The budget should fill itself
The second half of the discipline: the project budget shouldn't be a separate document someone updates by hand — it should pull its actuals from the FF&E schedule automatically. Set a budgeted figure per category (furniture, lighting, rugs and textiles, art and decor, appliances), let each category's actual sum itself from the schedule's lines, and the variance is live: the same sample project carries a $27,300 budget against the $20,170 committed, leaving $7,130 — visible the moment any line changes, not at the end-of-month reconciliation. Add manual lines for installation labor and a contingency (spaces have opinions, like walls do), and the client conversation changes from "we think we're okay" to a number on a screen. It's the same committed-versus-budget logic that runs construction job costing, scaled to a design project.

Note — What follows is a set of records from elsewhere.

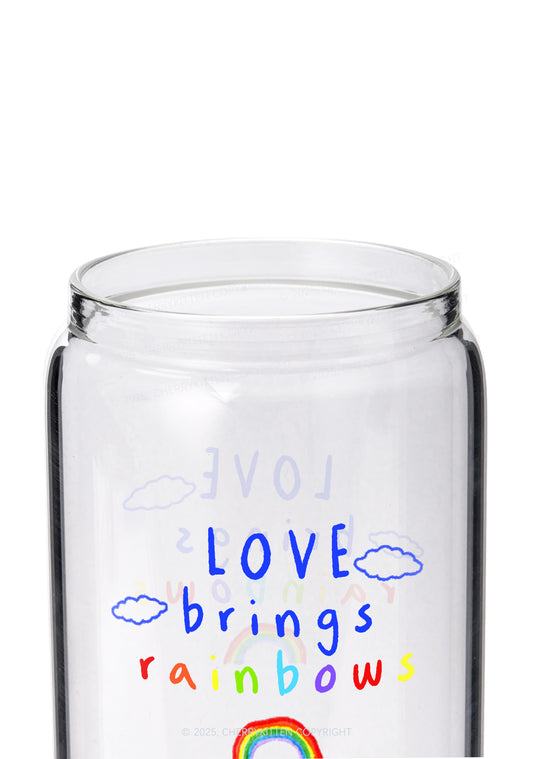 Love Brings Rainbows Pride Y2K Printed Glass Cup Cherrykitten
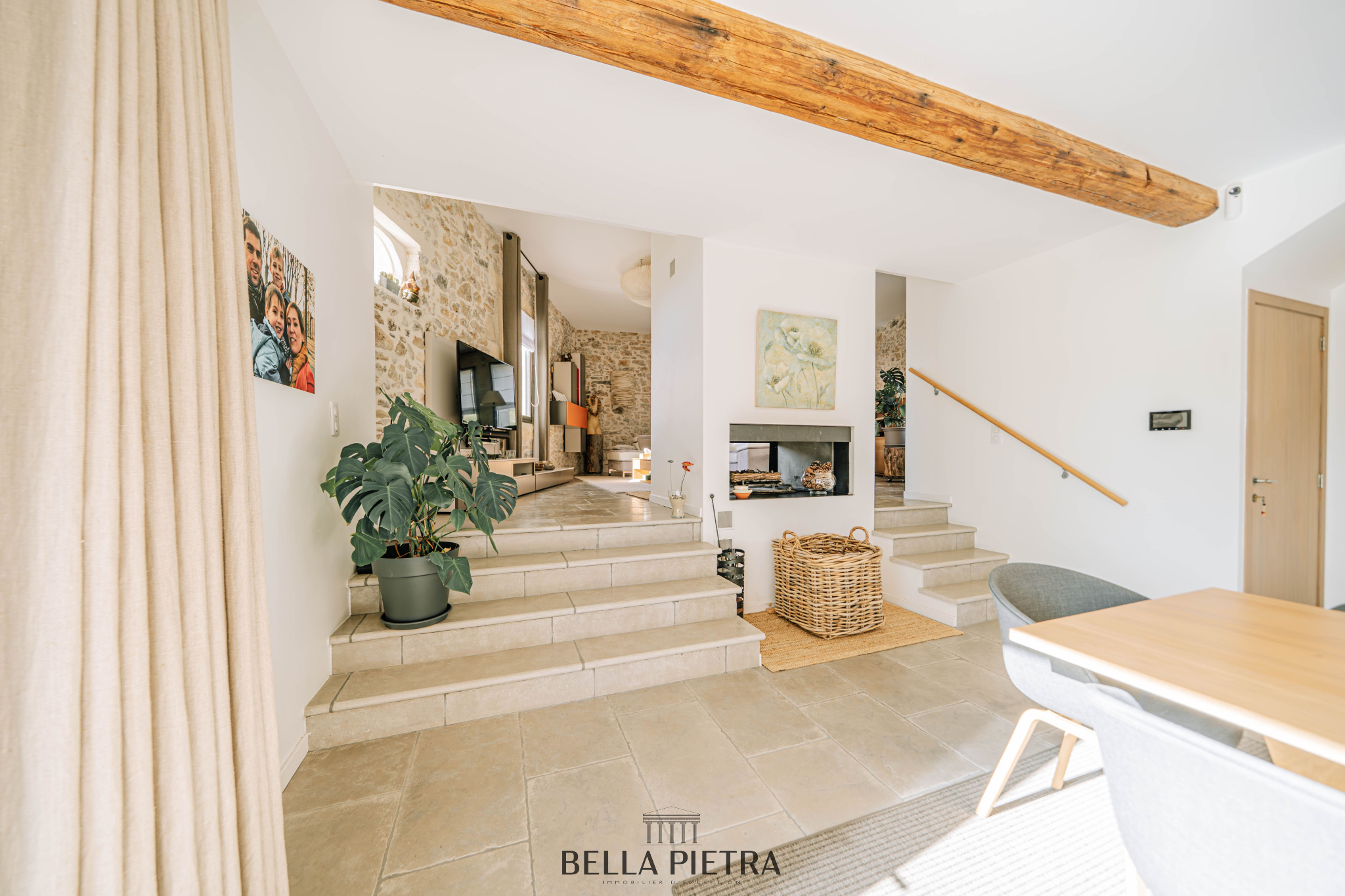 Prestations actuelles et rénovation aboutie : plancher chauffant et rafraîchissant, cheminée, menuiseries aluminium.Aucun travaux à prévoir.
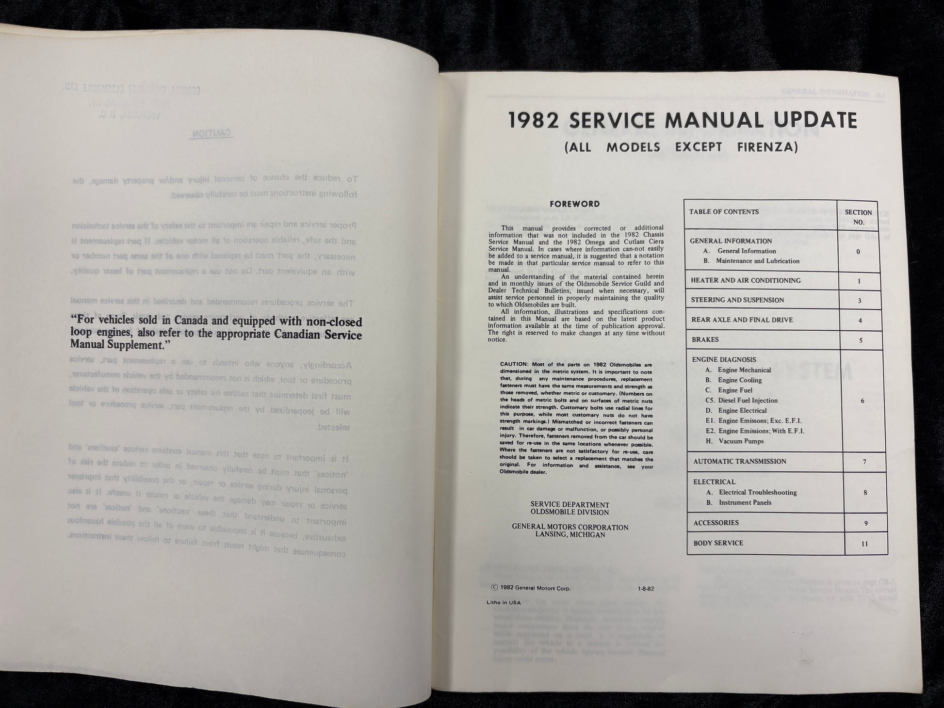 Also included a 1982 Service Manual up-date
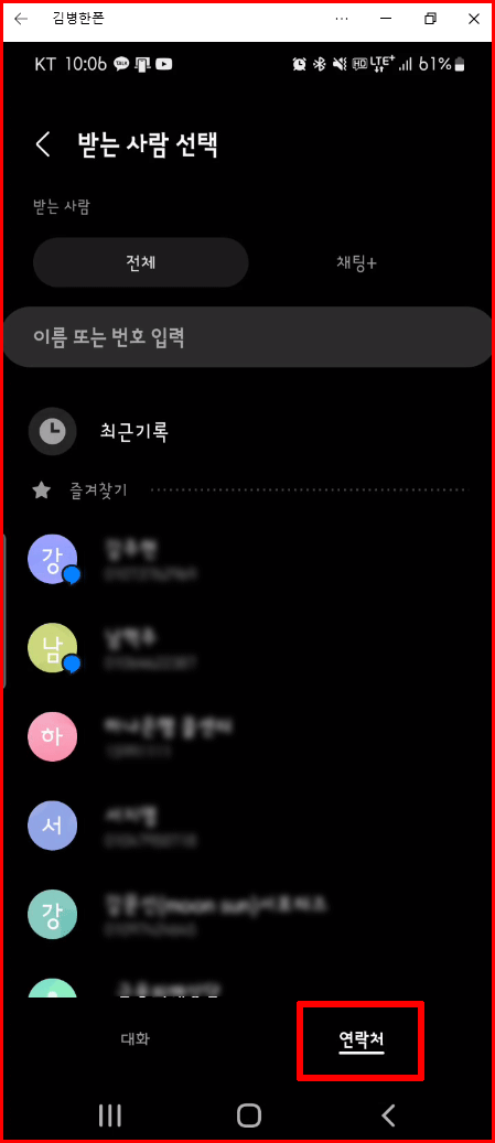 | 공유 | 메시지 앱의 연락처 |

Where projects actually go wrong
- The unpriced selection. An item gets "chosen" in a meeting, never lands on the schedule, and surfaces in month three as a five-figure surprise. Rule: if it's selected, it's a row — with a price — that day.
- The untracked status. Everyone believes the credenza was ordered. Nobody ordered the credenza. A pipeline column makes "who thinks what" impossible; the not-yet-ordered total makes it loud.
- Lead times discovered late. The install date was always achievable except for the two items that needed fourteen weeks. Order-by dates, planned backward, live on the schedule — and install week itself gets a snag list, which is the same punch-list discipline construction uses to actually finish.
- The undocumented brief. Budget, style, must-haves, and dealbreakers that live in a phone call instead of a client intake document become disputes later. Capture the answers at kickoff; let every selection trace back to them.
The design file with real numbers in it
The Interior Design Project Workbook is this article as a working file: a 35-row FF&E schedule that costs itself (qty × unit → extended price, with room/category/status dropdowns), a room-by-surface finish schedule, a budget that pulls its actuals from your FF&E lines by category, a client intake questionnaire, and a dashboard — total FF&E value, budget remaining, by-room, by-status, and the value not yet ordered. Built by a licensed architect. Pure formulas, Excel and Google Sheets.
Whether you're a solo designer billing for accuracy, a design-build office keeping interiors in-house, or a homeowner running a serious renovation like a professional would, the lesson is the same: the room gets beautiful on the mood board, but it gets built on the schedule. One row per item, every row priced, every row somewhere on the pipeline. (A planning and specification tool, for the record — not accounting, contract pricing, or professional certification.)